On commence avec trois mélodies de Reynaldo Hahn, où l’on apprécie d’emblée le piano retenu de Julius Drake, musicien parmi les meilleurs accompagnateurs actuels pour ce type de récital. La couleur de timbre est sombre, plutôt située entre alto et mezzo-soprano, et le français de qualité, même si l’on ne comprend pas toujours l’ensemble du texte. La voix sait se faire puissante mais peut aussi s’alléger, comme pour le subtil dernier extrait « L’Heure exquise ». Les six mélodies d’Hedwige Chrétien qui suivent sont peu connues mais de belles pièces, à la fois pour le piano et la voix, de durées assez variables. La musique caractérise au mieux ces « petits Poèmes du bord de l’eau », comme le cinquième « L’Ondine » où l’on se figure sans peine une nage à vive allure dans l’eau.
On passe ensuite à la langue maternelle de la chanteuse écossaise, pour le cycle de cinq mélodies « Sea Pictures » d’Edward Elgar.
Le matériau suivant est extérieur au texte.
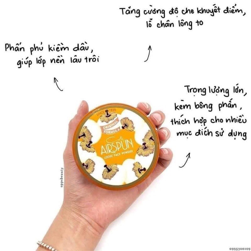 🔥🔥 PHẤN PHỦ QUỐC DÂN AIRSPUN COTY ⭐️⭐️ 👉💸VỀ TAY CHỈ CÒN #299k/hũ‼️ 👉 Có 2 tone: 🌸 Naturally neutral : tone sáng 🌸 Honey beige : tone trung bình ⭐️Được xem là dupe của Laura Mercier, Phấn Phủ Coty Airspun Loose Face Pơder là sản phẩm đến từ Mỹ, nằm trong top 4 best seller Amazon với hơn 11,8k vote ⭐️Phấn Phủ Coty Airspun Loose Face Powder kiềm dầu cực kỳ tốt, các hạt phấn siêu nhỏ li ti, rất mịn, rất mỏng và dễ quyện đều vào da. Phấn phủ Coty Aipspun Loose Face Powder đặc biệt siêu nhẹ và mềm nền khi sử dụng hoàn toàn không hề cho cảm giác nặng mặt hay bị bí da ⭐️Với những ai không muốn trang điểm quá cầu kì thì chỉ cần apply mỏng một lớp kem chống nắng, sau đó phủ phấn Coty Aipspun Loose Face Powder thì sẽ có ngay làn da mịn đẹp đều màu, tự nhiên mà lại giúp lớp kem chống nắng lâu trôi. Với những bạn gái có nhiều khuyết điểm trên da, thì dòng phấn phủ này sẽ giúp bạn khắc phục nhanh chóng kể cả nếp nhăn, vết chân chim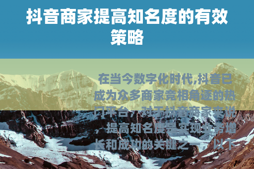 在当今数字化时代,抖音已成为众多商家竞相角逐的热门平台,对于抖音商家来说,提高知名度是实现业务增长和成功的关键之一,以下是一些可以帮助抖音商家提高知名度的有效方法。 的创作至关重要,商家需要深入了解自己的目标受众,明确他们的兴趣和需求,从而制作出能够吸引他们的视频内容,无论是有趣的短剧、实用的教程还是精美的产品展示,都要确保内容具有独特性和价值,能够在海量的抖音视频中脱颖而出,一家服装商家可以通过展示不同风格的服装搭配,以及分享穿搭技巧,吸引时尚爱好者的关注。

Le premier numéro « Sea Slumber Song » (« berceuse de la mer ») est particulièrement long et la chanteuse puise dans ses graves profonds. Les mélodies alternent ensuite entre tempi rapides et lents, le troisième « Sabbath Morning et Sea » appelant engagement et aigus de grande ampleur, comme un air d’opéra. On gagne en clarté de prononciation avec l’anglais et la voix de Beth Taylor peut rappeler par moments celle de Kathleen Ferrier, par certaines sonorités androgynes, ainsi qu’un vibrato assez serré.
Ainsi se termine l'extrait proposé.